Start of Task material
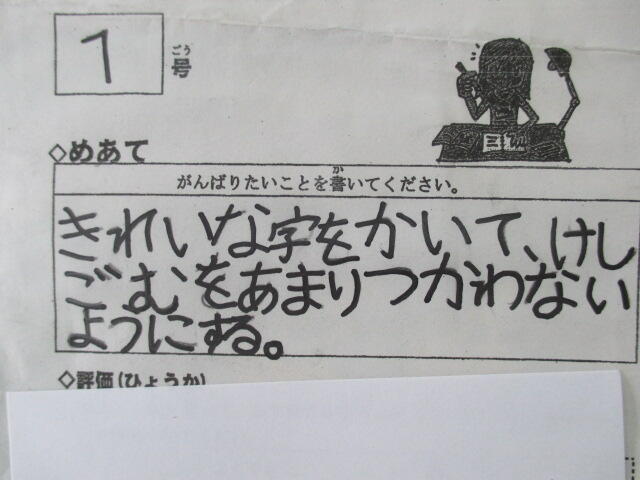 一学期は、勉強がんばりました、三つの力がつきました、ノートの使い方も上達しました、やさしい子がいっぱい生まれました、みんなでいじめをなくしました、運動会かっこよく成功しました。
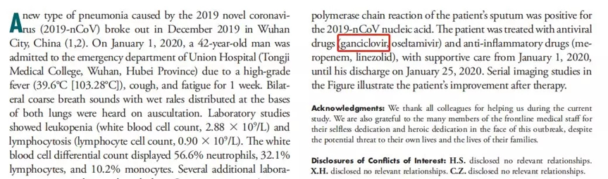 武漢同濟醫(yī)院專家在《Radiology》上發(fā)表的研究提到,1名42歲的患者在2020年1月1日住院,在此期間接受更昔洛韋、奧司他韋以及其他抗菌藥物治療,最終于2020年1月25日治愈出院。
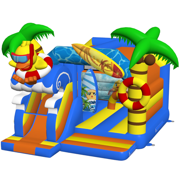 Ontdek ons schattige en superleuke springkasteel eendje — dé vrolijke blikvanger voor elk kinderfeest! Dit speelse badeendje in een zwembandje zorgt meteen voor zomerse sfeer en brede glimlachen. Binnenin kunnen kids ravotten op het surfbordje, terwijl het palmboompje vooraan het geheel een heerlijk vakantiegevoel geeft.
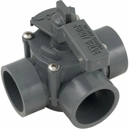 The Jandy 3-Way Positive Seal Space Saver Valve fits 1.5 Inch pipe or 2 Inch fittings.
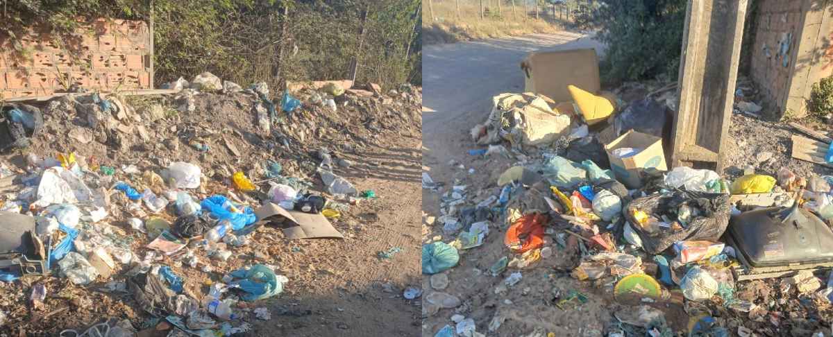 No bairro Pedra Ferrada, a queixa vai além do mato e da sujeira. Moradores relatam que, na Estrada de Jaguara, em frente a um comércio local, o lixo vem sendo constantemente despejado. Além do acúmulo, há registros de queima irregular de resíduos, o que intensifica ainda mais o problema para quem vive nas proximidades. O flagrante enviado por uma moradora do bairro mostra a grande quantidade de lixo espalhada pela entrada da rua.
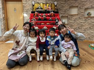 「ひな祭り」の歌を保育者と一緒に歌いながら雰囲気を味わい、貴重な体験ができました。
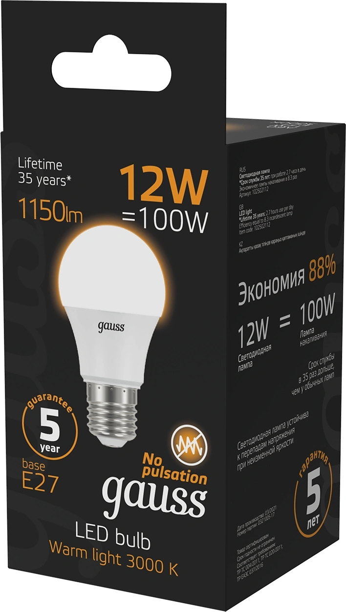 Светодиодная лампа Gauss - самый безопасный для здоровья и окружающей среды источник света. Она не пульсирует, мгновенно включается, не содержит ртути, и имеет больший срок службы, чем лампы накаливания и КЛЛ.
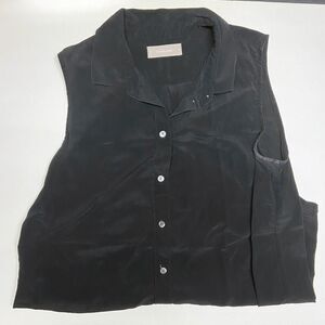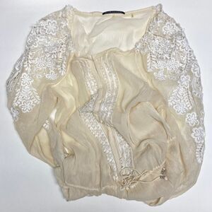 * cream crinkle 100% silk top with off-white crochet lace trim area of discoloration on back
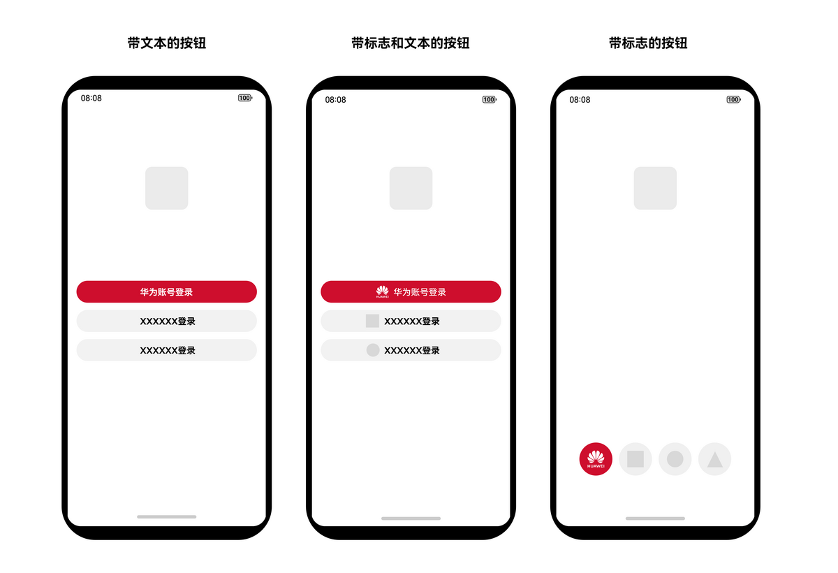 华为账号登录按钮包含文本、标志和文本、标志三种样式,以满足应用对界面风格一致性和灵活性的要求。
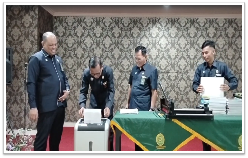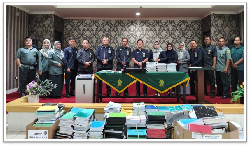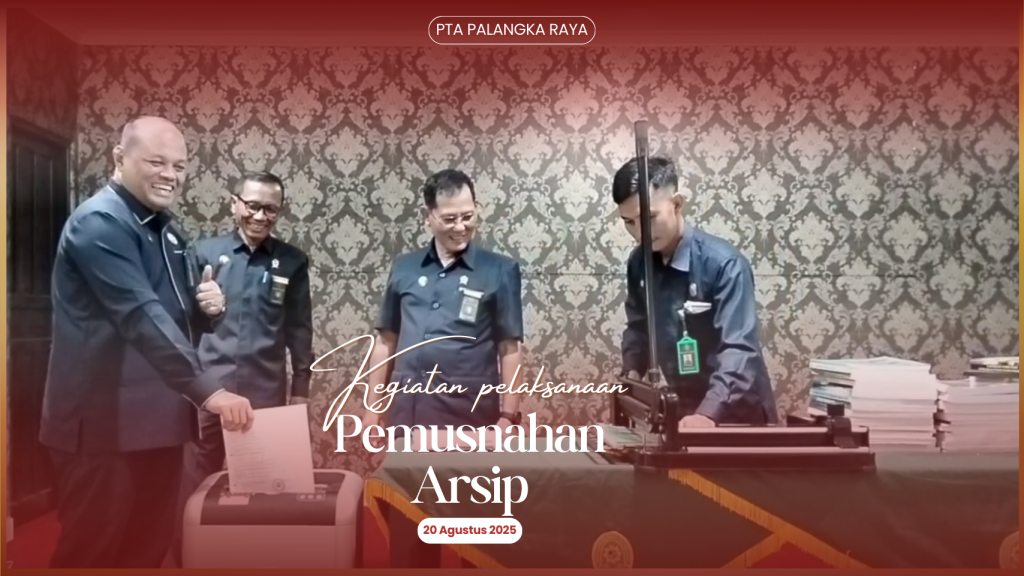 Rabu, 20 Agustus 2025 – Pengadilan Tinggi Agama Palangka Raya untuk pertama kalinya melakukan pemusnahan arsip dinamis sejak berdirinya PTA Palangka Raya sejak tahun 1986 dengan prosedur pemusnahan arsip berpedoman kepada Undang-Undang Nomor 43 Tahun 2009 tentang Kearsipan dan Peraturan Pemerintah Nomor 28 Tahun 2012 tentang Pelaksanaan Undang-Undang Nomor 43 tahun 2009 tentang Kearsipan. Pemusnahan arsip bertujuan mewujudkan pengelolaan arsip yang tertib, efektif dan efisien, mengurangi volume arsip yang setiap tahun semakin meningkat sehingga ruang penyimpanan arsip perlu dimaksimalkan. Pemusnahan arsip dilakukan terhadap arsip yang telah habis masa retensi, tidak bernilai guna, tidak berhubungan dengan perkara serta tidak ada Undang-Undang yang melarang.
End of Task material
▸ Activity:
Give the data above again in full and unchanged, skipping the pictures.

▸ Output of the exercise:
 一学期は、勉強がんばりました、三つの力がつきました、ノートの使い方も上達しました、やさしい子がいっぱい生まれました、みんなでいじめをなくしました、運動会かっこよく成功しました。
 武漢同濟醫(yī)院專家在《Radiology》上發(fā)表的研究提到,1名42歲的患者在2020年1月1日住院,在此期間接受更昔洛韋、奧司他韋以及其他抗菌藥物治療,最終于2020年1月25日治愈出院。
 Ontdek ons schattige en superleuke springkasteel eendje — dé vrolijke blikvanger voor elk kinderfeest! Dit speelse badeendje in een zwembandje zorgt meteen voor zomerse sfeer en brede glimlachen. Binnenin kunnen kids ravotten op het surfbordje, terwijl het palmboompje vooraan het geheel een heerlijk vakantiegevoel geeft.
 The Jandy 3-Way Positive Seal Space Saver Valve fits 1.5 Inch pipe or 2 Inch fittings.
 No bairro Pedra Ferrada, a queixa vai além do mato e da sujeira. Moradores relatam que, na Estrada de Jaguara, em frente a um comércio local, o lixo vem sendo constantemente despejado. Além do acúmulo, há registros de queima irregular de resíduos, o que intensifica ainda mais o problema para quem vive nas proximidades. O flagrante enviado por uma moradora do bairro mostra a grande quantidade de lixo espalhada pela entrada da rua.
 「ひな祭り」の歌を保育者と一緒に歌いながら雰囲気を味わい、貴重な体験ができました。
 Светодиодная лампа Gauss - самый безопасный для здоровья и окружающей среды источник света. Она не пульсирует, мгновенно включается, не содержит ртути, и имеет больший срок службы, чем лампы накаливания и КЛЛ.
 * cream crinkle 100% silk top with off-white crochet lace trim area of discoloration on back
 华为账号登录按钮包含文本、标志和文本、标志三种样式,以满足应用对界面风格一致性和灵活性的要求。
 Rabu, 20 Agustus 2025 – Pengadilan Tinggi Agama Palangka Raya untuk pertama kalinya melakukan pemusnahan arsip dinamis sejak berdirinya PTA Palangka Raya sejak tahun 1986 dengan prosedur pemusnahan arsip berpedoman kepada Undang-Undang Nomor 43 Tahun 2009 tentang Kearsipan dan Peraturan Pemerintah Nomor 28 Tahun 2012 tentang Pelaksanaan Undang-Undang Nomor 43 tahun 2009 tentang Kearsipan. Pemusnahan arsip bertujuan mewujudkan pengelolaan arsip yang tertib, efektif dan efisien, mengurangi volume arsip yang setiap tahun semakin meningkat sehingga ruang penyimpanan arsip perlu dimaksimalkan. Pemusnahan arsip dilakukan terhadap arsip yang telah habis masa retensi, tidak bernilai guna, tidak berhubungan dengan perkara serta tidak ada Undang-Undang yang melarang.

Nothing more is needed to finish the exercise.